Super-fast painter Andrew Chesney shares his methods for getting your forces painted up and on the battlefield in double-quick time:
When you’re getting started on a new force, one of the first stages is working out the colour scheme for the uniform. You can research this online or in the relevant Osprey book. To help with this step, we have created a number of starter paint sets using the Vallejo military colour paint ranges, chosen to give you just the right colours for each army.
While you may well want to lavish more time and effort on vehicles and commanders, these guides use mainly the colours from the paint sets (plus sometimes a few common colours like gun metal and a flesh tone, plus sprays and Quickshade wash), and demonstrate how you can get your troops ready for battle quickly and easily in just a few steps.
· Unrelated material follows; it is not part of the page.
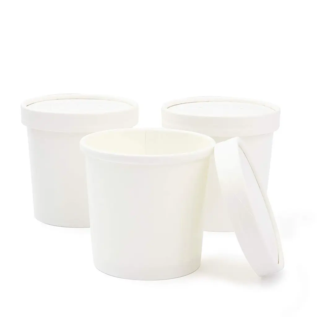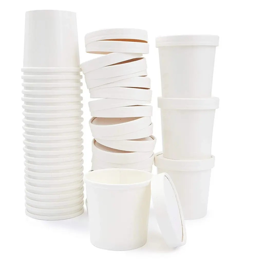 50 Pack 12oz Paper Ice Cream Dessert Soup Food Storage Meal Prep Cups With Lids - White - White

US Marine Corps infantryman
Army Painter: Dark Tone Quickshade
1. I started by cleaning the mould lines, gluing sand to the 25mm base and then priming the figure. This one was primed in Bolt Action British Uniform Brown colour primer spray.
2. Beginning with the largest areas – the uniform was painted in Russian Uniform Green and the flesh in mid tone.
3. I then painted the helmet in Brown Violet (an odd name for a green colour!), the weapon stocks and tool handles in Flat Brown and the gun barrel in a gun metal. If the model had gaiters then these would be in Green Grey. I decided to do the under-shirt in Green Grey to give a contrast as clothes tended to fade through use and in sunlight.
4. The whole model was given a liberal coating of the Army Painter: Dark Tone Quickshade. This shades every part of the figure by collecting in the creases and giving the illusion of you spending extra time layering the colours! Once it’s completely dry, a spray of Anti-Shine Matt Varnish removes the shine and protects the paint, magically transformed your shiny, muddy miniature into a thing of beauty!
5. After a quick dry-brush of Green Grey on the already brown base, I added some Army Painter Highland tufts and some basic hedge foliage for contrast.
So within 15 minutes (not including the overnight drying of the Quickshade) I had a battle ready Marine!